Setting compute_metrics in Trainer with Idefics2ForConditionalGeneration leads to AttributeError: 'DynamicCache' object has no attribute 'detach' #30631

Closed EloiEynard closed 3 months ago

EloiEynard commented 4 months ago

System Info

Who can help?

Not sure if this is an issue with the Trainer or the model.

Information

Tasks

Reproduction

The following code is from the Idefics2 fine-tuning example colab with the addition of the compute_metrics in the Trainer.
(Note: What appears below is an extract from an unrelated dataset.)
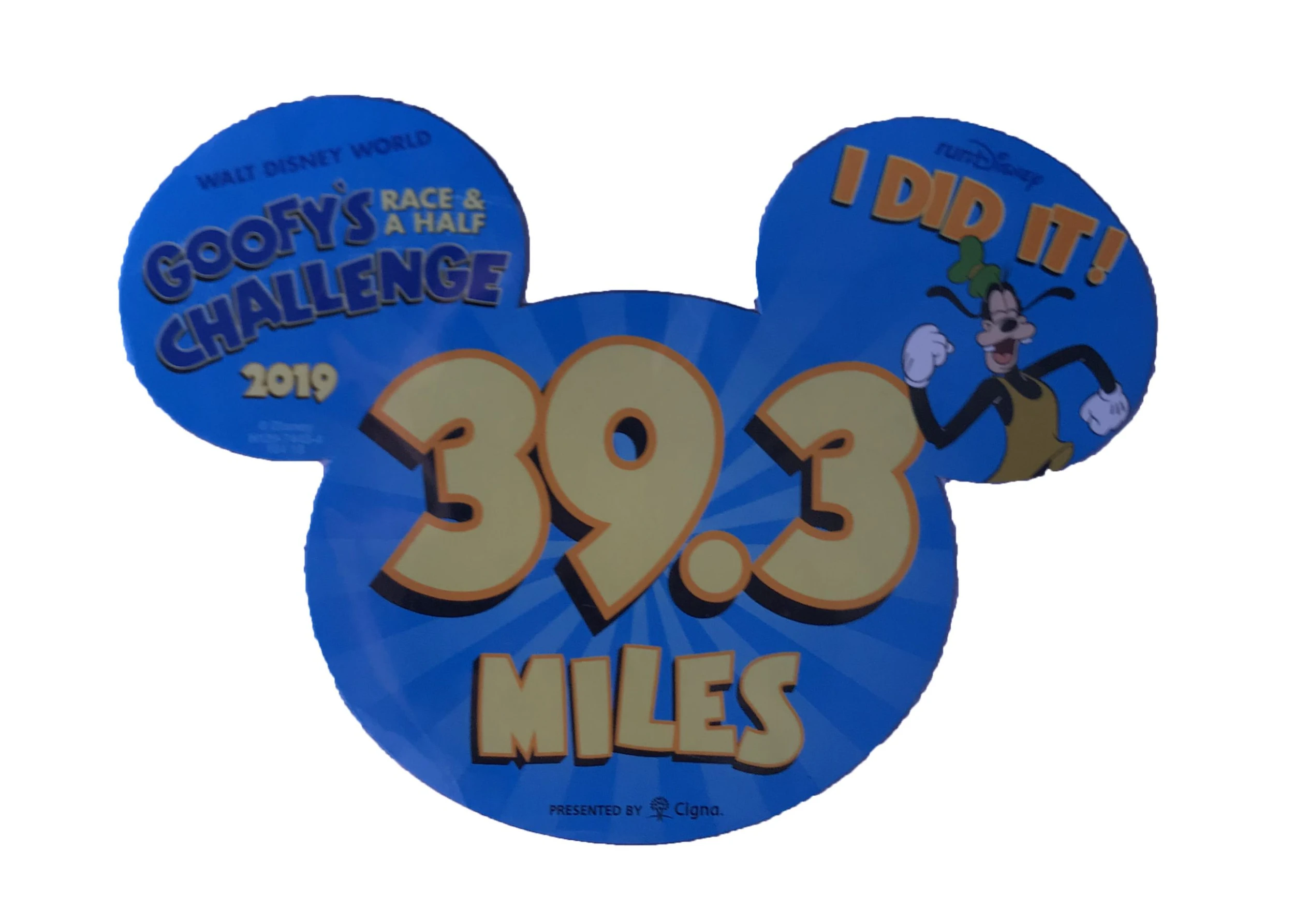 Training for a runDisney marathon event requires a lot of stickability, so it’s appropriate to celebrate with this 2019 Goofy Challenge magnet, and show how you did 39.3 miles.

!pip install -q git+https://github.com/huggingface/transformers.git
!pip install -q accelerate datasets peft bitsandbytes

import torch
from peft import LoraConfig
from transformers import AutoProcessor, BitsAndBytesConfig, Idefics2ForConditionalGeneration

DEVICE = "cuda:0"
USE_LORA = False
USE_QLORA = True

processor = AutoProcessor.from_pretrained(
    "HuggingFaceM4/idefics2-8b",
    do_image_splitting=False
)

# Three options for training, from the lowest precision training to the highest precision training:
# - QLora
# - Standard Lora
# - Full fine-tuning
if USE_QLORA or USE_LORA:
    lora_config = LoraConfig(
        r=8,
        lora_alpha=8,
        lora_dropout=0.1,
        target_modules='.*(text_model|modality_projection|perceiver_resampler).*(down_proj|gate_proj|up_proj|k_proj|q_proj|v_proj|o_proj).*$',
        use_dora=False if USE_QLORA else True,
        init_lora_weights="gaussian"
    )
    if USE_QLORA:
        bnb_config = BitsAndBytesConfig(
            load_in_4bit=True,
            bnb_4bit_quant_type="nf4",
            bnb_4bit_compute_dtype=torch.float16
        )
    model = Idefics2ForConditionalGeneration.from_pretrained(
        "HuggingFaceM4/idefics2-8b",
        torch_dtype=torch.float16,
        quantization_config=bnb_config if USE_QLORA else None,
    )
    model.add_adapter(lora_config)
    model.enable_adapters()
else:
    model = Idefics2ForConditionalGeneration.from_pretrained(
        "HuggingFaceM4/idefics2-8b",
        torch_dtype=torch.float16,
        _attn_implementation="flash_attention_2", # Only available on A100 or H100
    ).to(DEVICE)

from datasets import load_dataset

train_dataset = load_dataset("nielsr/docvqa_1200_examples", split="train")
train_dataset = train_dataset.remove_columns(['id', 'words', 'bounding_boxes', 'answer'])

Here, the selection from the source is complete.